*** Data to use ***

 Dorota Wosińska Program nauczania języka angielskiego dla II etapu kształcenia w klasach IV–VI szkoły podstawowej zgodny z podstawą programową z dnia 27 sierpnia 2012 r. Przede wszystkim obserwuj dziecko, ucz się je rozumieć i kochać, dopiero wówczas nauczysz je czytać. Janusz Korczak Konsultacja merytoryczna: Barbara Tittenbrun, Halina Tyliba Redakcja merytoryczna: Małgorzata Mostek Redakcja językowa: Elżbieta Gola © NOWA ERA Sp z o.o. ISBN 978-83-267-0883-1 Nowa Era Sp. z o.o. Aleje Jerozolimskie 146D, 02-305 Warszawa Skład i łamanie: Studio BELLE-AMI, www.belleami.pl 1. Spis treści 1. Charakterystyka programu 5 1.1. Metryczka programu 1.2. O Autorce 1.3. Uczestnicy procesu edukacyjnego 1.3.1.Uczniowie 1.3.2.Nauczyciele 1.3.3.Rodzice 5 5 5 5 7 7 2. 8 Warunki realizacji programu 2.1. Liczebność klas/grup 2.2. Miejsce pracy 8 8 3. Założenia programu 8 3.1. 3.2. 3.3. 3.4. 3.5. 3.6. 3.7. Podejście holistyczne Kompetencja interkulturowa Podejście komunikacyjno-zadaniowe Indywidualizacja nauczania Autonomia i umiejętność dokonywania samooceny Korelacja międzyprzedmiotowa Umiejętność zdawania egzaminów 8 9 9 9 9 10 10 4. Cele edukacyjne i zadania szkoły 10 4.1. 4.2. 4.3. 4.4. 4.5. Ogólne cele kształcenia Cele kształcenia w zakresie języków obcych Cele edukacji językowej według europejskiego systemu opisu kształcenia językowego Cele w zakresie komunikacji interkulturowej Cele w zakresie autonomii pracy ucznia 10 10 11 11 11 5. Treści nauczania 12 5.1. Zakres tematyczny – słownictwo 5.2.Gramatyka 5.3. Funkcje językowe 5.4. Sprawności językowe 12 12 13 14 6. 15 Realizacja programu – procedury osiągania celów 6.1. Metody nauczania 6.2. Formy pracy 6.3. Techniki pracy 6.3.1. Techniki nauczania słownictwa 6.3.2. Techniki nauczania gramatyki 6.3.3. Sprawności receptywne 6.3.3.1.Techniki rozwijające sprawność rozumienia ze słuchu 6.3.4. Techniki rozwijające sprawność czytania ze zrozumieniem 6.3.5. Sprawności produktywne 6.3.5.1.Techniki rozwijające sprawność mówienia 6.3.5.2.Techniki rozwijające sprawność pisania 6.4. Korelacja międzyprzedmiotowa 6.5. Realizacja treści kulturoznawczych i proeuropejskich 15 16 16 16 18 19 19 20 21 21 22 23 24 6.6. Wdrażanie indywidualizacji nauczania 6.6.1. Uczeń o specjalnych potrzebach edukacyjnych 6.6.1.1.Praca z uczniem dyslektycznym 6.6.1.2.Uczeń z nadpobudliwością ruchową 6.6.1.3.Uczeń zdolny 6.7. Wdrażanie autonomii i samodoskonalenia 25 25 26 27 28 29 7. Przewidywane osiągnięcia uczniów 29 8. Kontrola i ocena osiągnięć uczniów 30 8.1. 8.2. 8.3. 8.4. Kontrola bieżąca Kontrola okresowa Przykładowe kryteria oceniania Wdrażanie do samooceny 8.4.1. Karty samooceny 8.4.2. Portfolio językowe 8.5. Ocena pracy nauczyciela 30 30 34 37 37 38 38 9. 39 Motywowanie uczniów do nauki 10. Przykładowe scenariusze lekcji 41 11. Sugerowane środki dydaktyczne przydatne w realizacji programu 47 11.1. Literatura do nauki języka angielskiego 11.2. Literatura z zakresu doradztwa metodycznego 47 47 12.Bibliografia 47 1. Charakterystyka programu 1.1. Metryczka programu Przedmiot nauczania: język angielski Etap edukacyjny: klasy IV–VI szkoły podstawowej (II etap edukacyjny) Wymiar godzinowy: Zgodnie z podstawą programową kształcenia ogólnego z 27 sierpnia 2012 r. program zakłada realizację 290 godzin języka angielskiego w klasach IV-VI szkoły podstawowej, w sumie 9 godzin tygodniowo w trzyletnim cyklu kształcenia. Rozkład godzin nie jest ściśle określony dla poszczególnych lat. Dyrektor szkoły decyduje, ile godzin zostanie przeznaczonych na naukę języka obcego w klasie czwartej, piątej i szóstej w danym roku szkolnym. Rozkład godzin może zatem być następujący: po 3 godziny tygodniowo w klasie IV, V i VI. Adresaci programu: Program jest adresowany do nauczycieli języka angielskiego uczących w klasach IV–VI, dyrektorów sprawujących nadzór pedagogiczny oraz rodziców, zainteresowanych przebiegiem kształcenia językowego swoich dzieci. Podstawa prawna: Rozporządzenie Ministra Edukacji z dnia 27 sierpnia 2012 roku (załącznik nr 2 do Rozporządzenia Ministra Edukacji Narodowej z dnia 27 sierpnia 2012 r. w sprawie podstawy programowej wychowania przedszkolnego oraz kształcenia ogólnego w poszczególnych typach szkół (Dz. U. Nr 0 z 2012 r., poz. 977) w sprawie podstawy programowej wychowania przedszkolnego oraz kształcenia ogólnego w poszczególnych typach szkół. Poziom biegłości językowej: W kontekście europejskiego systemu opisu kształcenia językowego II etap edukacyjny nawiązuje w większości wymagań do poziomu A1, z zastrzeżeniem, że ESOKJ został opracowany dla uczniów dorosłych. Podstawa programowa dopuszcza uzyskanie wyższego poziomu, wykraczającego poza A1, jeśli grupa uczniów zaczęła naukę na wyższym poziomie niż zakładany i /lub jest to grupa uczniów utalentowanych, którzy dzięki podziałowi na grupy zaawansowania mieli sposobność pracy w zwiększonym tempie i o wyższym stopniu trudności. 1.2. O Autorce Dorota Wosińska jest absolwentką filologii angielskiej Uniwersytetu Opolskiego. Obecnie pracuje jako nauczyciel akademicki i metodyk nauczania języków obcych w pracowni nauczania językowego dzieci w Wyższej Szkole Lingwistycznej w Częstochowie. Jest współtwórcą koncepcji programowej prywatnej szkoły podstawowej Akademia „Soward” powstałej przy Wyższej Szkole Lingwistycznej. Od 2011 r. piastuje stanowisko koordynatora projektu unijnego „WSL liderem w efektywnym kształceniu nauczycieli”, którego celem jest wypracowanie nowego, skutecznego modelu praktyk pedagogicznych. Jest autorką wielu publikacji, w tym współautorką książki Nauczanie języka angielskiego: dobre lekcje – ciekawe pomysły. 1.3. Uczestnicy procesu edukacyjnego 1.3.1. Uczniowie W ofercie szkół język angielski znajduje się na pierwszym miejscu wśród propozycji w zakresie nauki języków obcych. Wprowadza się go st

***
*** Data to use ***

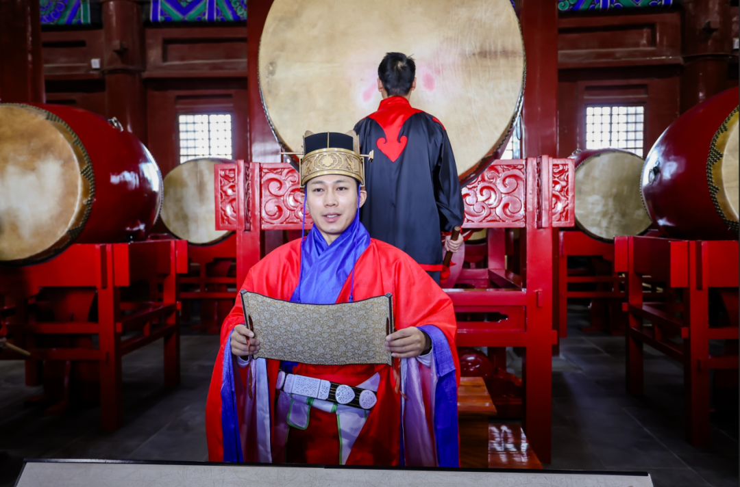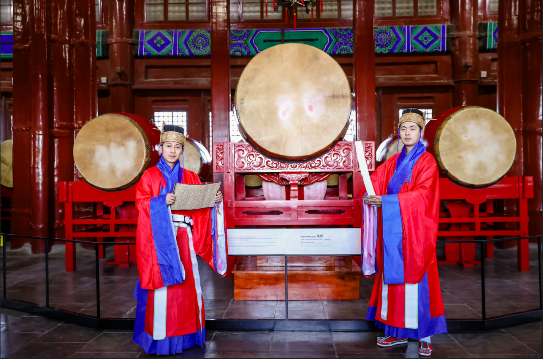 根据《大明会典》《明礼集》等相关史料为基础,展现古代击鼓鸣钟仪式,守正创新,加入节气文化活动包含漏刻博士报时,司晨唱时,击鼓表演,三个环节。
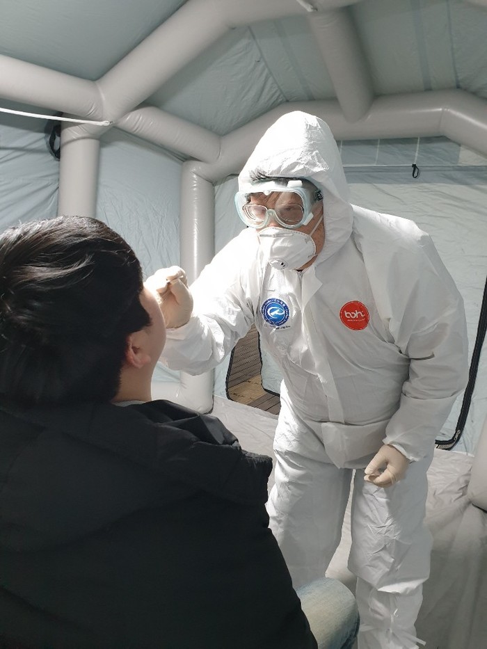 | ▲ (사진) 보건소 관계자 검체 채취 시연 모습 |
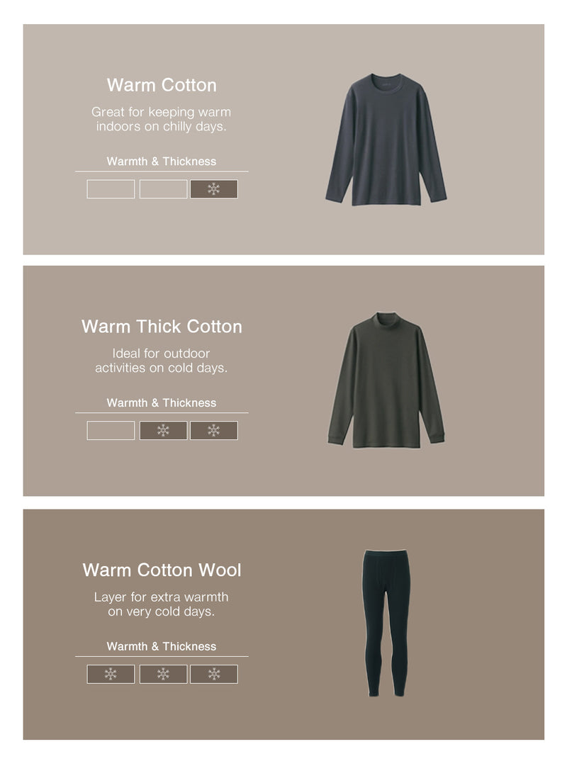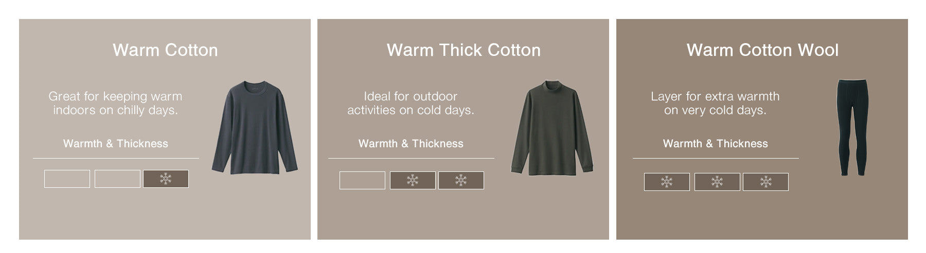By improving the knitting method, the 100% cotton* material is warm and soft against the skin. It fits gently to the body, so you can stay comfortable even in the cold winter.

***

**Work order:** When copying from the data above, print only the lines from the line containing "검체 채취 시연 모습 |" to the line containing "By improving the", exactly, and leave the pictures out.

**Reply to the task:**
 | ▲ (사진) 보건소 관계자 검체 채취 시연 모습 |
By improving the knitting method, the 100% cotton* material is warm and soft against the skin. It fits gently to the body, so you can stay comfortable even in the cold winter.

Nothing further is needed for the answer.